- The Washington Times
Wednesday, August 26, 2020

A former cheerleader for the Washington Football Team has accused Dan Snyder of humiliating her at a charity event at the Washington Hilton in 2004 by suggesting that she join one of the owner’s male friends in an upstairs hotel suite.

The accusation is one in a series of allegations made in a new Washington Post report in which more than 100 current and former employees tell the paper the team’s workplace was one in which women were “marginalized, discriminated against and exploited.”


Wednesday’s story comes more than a month after 17 women accused five former high-ranking team officials of sexual harassment. The initial accusations prompted Washington to hire an outside law firm to investigate the claims.

Tiffany Bacon Scourby, a former cheerleader for the team, told the paper that in 2004, Snyder suggested she “go upstairs” with Anthony Roberts, his longtime friend and the “official ophthalmologist” of the team, during a charity boxing event at the Washington Hilton ballroom. Scourby said Snyder said she and Roberts should “get to know each other better” in his hotel room.

Scourby said at the time, she reported the incident to Donald Wells, the team’s cheerleader director.

He told the newspaper he remembered the conversation.

“I remember her saying, ‘Daniel Snyder offered me the suite with one of his friends,’” Wells told the Post. “She was more or less propositioned.”

“There’s a power dynamic, and Dan Snyder looked down on me,” Scourby said.

Neither Washington nor Snyder commented on the allegations for the Post article, the paper reported, and a team spokesman declined comment to The Washington Times.

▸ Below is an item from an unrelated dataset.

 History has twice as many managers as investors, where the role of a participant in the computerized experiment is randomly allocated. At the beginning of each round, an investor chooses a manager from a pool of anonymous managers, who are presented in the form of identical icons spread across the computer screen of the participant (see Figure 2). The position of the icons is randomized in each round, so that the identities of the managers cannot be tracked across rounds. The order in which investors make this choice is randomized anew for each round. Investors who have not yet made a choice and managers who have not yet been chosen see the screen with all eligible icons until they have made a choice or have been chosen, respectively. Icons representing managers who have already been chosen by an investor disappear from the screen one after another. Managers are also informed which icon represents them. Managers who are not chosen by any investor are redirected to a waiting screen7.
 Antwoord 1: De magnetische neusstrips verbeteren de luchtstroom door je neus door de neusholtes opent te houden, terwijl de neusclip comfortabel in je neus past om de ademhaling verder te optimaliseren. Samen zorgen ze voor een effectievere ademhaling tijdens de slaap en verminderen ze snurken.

The paper also reported the existence of a videotape featuring outtakes from the filming of a 2008 cheerleader swimsuit shoot that included shots of inadvertently exposed breasts. The cheerleaders did not know the tape was created, and the Post reported that Larry Michael, the team’s former play-by-play man and senior vice president, had initially requested his staff to create a video featuring “the good bits.”

Brad Baker, who worked under Michael, said that Michael told his staff the video was for Snyder.

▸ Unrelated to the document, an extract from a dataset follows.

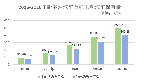 新能源汽車保有量達(dá)492萬(wàn)輛。截至2020年底,全國(guó)新能源汽車保有量達(dá)492萬(wàn)輛,占汽車總量的1.75%,比2019年增加111萬(wàn)輛,增長(zhǎng)29.18%。其中,純電動(dòng)汽車保有量400萬(wàn)輛,占新能源汽車總量的81.32%。新能源汽車增量連續(xù)三年超過(guò)100萬(wàn)輛,呈持續(xù)高速增長(zhǎng)趨勢(shì)。

“Larry said something to the effect of, ‘We have a special project that we need to get done for the owner today: He needs us to get the good bits of the behind-the-scenes video from the cheerleader shoot onto a DVD for him,’” Baker said.

Another similar video was created in 2010, this time using footage from the filming of the cheerleaders’ trip to the Dominican Republic. The paper reported Michael demanded the footage be burned to a DVD titled “For Executive Meeting.”

Michael denied the allegations to the Post.

The paper also reported that another 25 women said they were sexually harassed while working for the team by male bosses, colleagues and players.

Last month, Snyder said in a statement that sexual harassment had “no place” in the franchise, noting the team had hired an outside investigator to investigate the claims.

“This story has strengthened my commitment to setting a new culture and standard for our team, a process that began with the hiring of Coach [Ron] Rivera earlier this year,” Snyder said last month after hiring attorney Beth Wilkinson to probe the allegations.

“Upon completion of her work, we will institute new policies and procedures and strengthen our human resources infrastructure to not only avoid these issues in the future but most importantly create a team culture that is respectful and inclusive to all,” he said.

This has been a tumultuous offseason for Snyder and Washington. In July, the team abandoned the moniker “Redskins” and is now using the temporary “Washington Football Team.” After the first allegations of workplace misconduct, Snyder hired two new executives — Julie Donaldson and team president Jason Wright — to help fix the team’s culture.

Snyder has also faced pressure from his three minority partners to sell the team, and when he denied to do so, the three owners hired an investment banking firm to sell their shares in the franchise.